*** Data block Section Begins ***
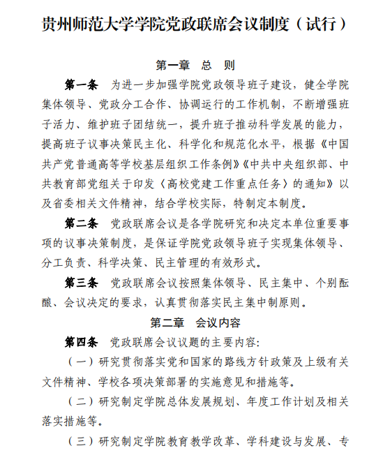 贵州师范大学学院党政联席会议制度(试行)
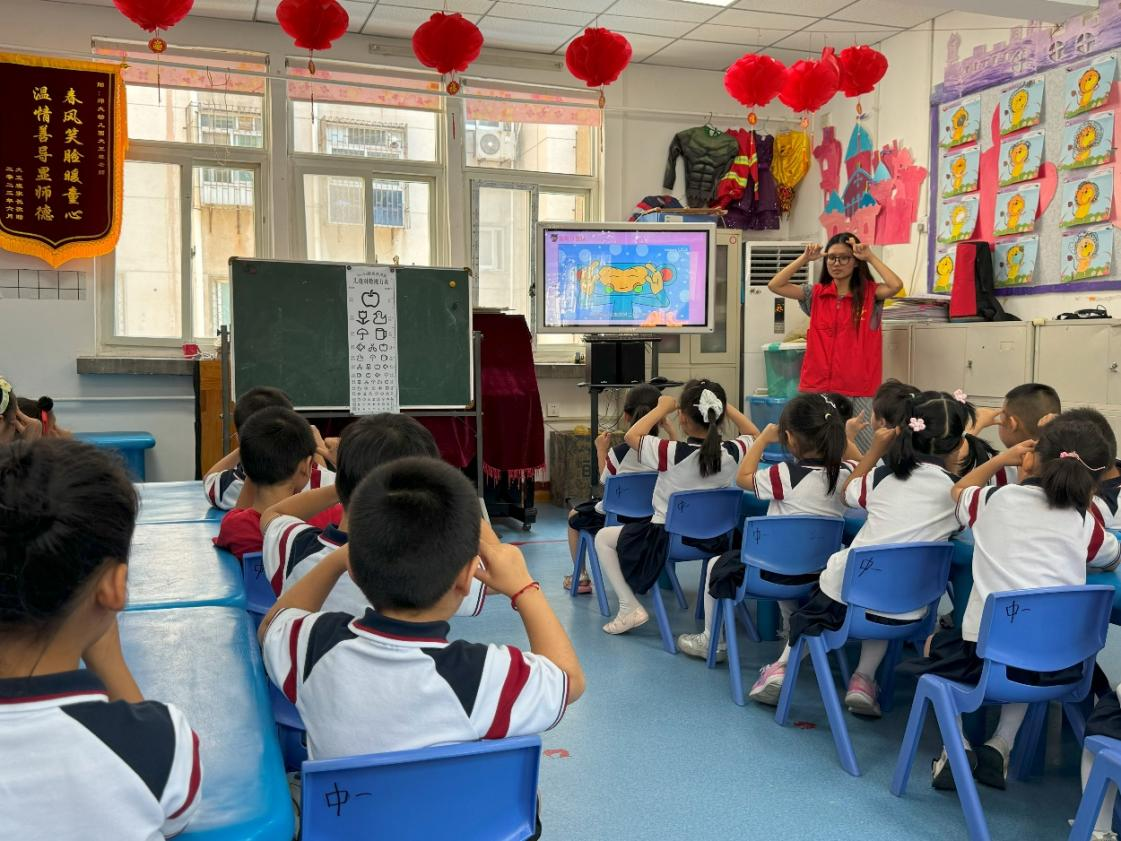 “小朋友们,跟着老师一起做——揉揉小鼻梁,按按小眼眶。”第三临床医学院“童心健康守护团”精心设计了一套符合幼儿认知特点的护眼课程,让孩子们学中玩、玩中学,用专业服务守护儿童用眼健康。
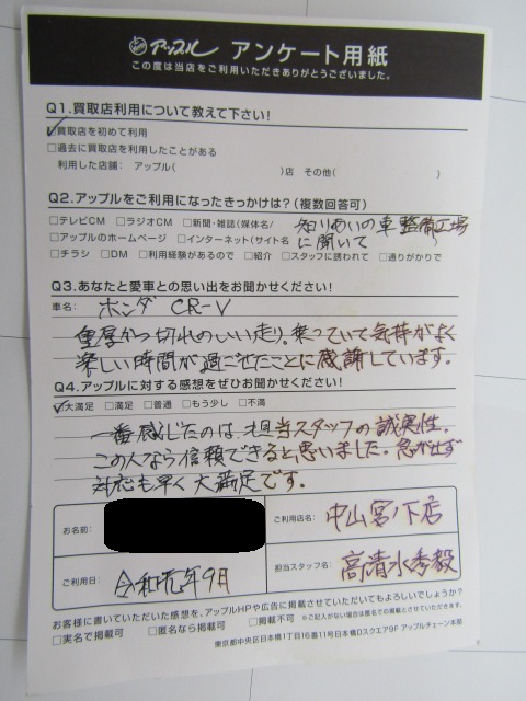 T様 この度はアップル中山宮の下店をご利用いただき誠にありがとうございます。長年愛用されてきたお車もご売却いただき重ね重ねお礼申し上げます。無理なご契約をしない は、私のポリシーでもありますので、そのようなお声をいただけた事をうれしく思います。またイベントなどでお会いできればと思います。ありがとうございました。
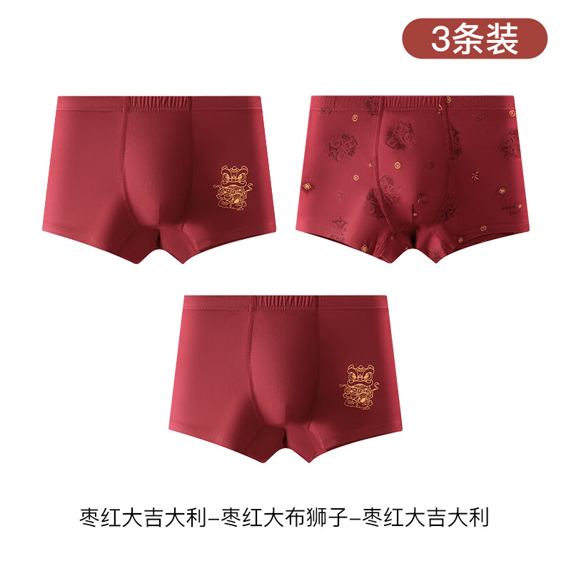 猫人儿童纯棉内裤男童本命年红色平角裤中大童男孩四角短裤发育期 红大吉大利+红大布狮子+红大吉大利 3条 110 推荐体重20-30斤
*** Data block Section Ends ***
__What to produce__. Give back the material above word for word; no picture belongs in it.

__Finished task__.
 贵州师范大学学院党政联席会议制度(试行)
 “小朋友们,跟着老师一起做——揉揉小鼻梁,按按小眼眶。”第三临床医学院“童心健康守护团”精心设计了一套符合幼儿认知特点的护眼课程,让孩子们学中玩、玩中学,用专业服务守护儿童用眼健康。
 T様 この度はアップル中山宮の下店をご利用いただき誠にありがとうございます。長年愛用されてきたお車もご売却いただき重ね重ねお礼申し上げます。無理なご契約をしない は、私のポリシーでもありますので、そのようなお声をいただけた事をうれしく思います。またイベントなどでお会いできればと思います。ありがとうございました。
 猫人儿童纯棉内裤男童本命年红色平角裤中大童男孩四角短裤发育期 红大吉大利+红大布狮子+红大吉大利 3条 110 推荐体重20-30斤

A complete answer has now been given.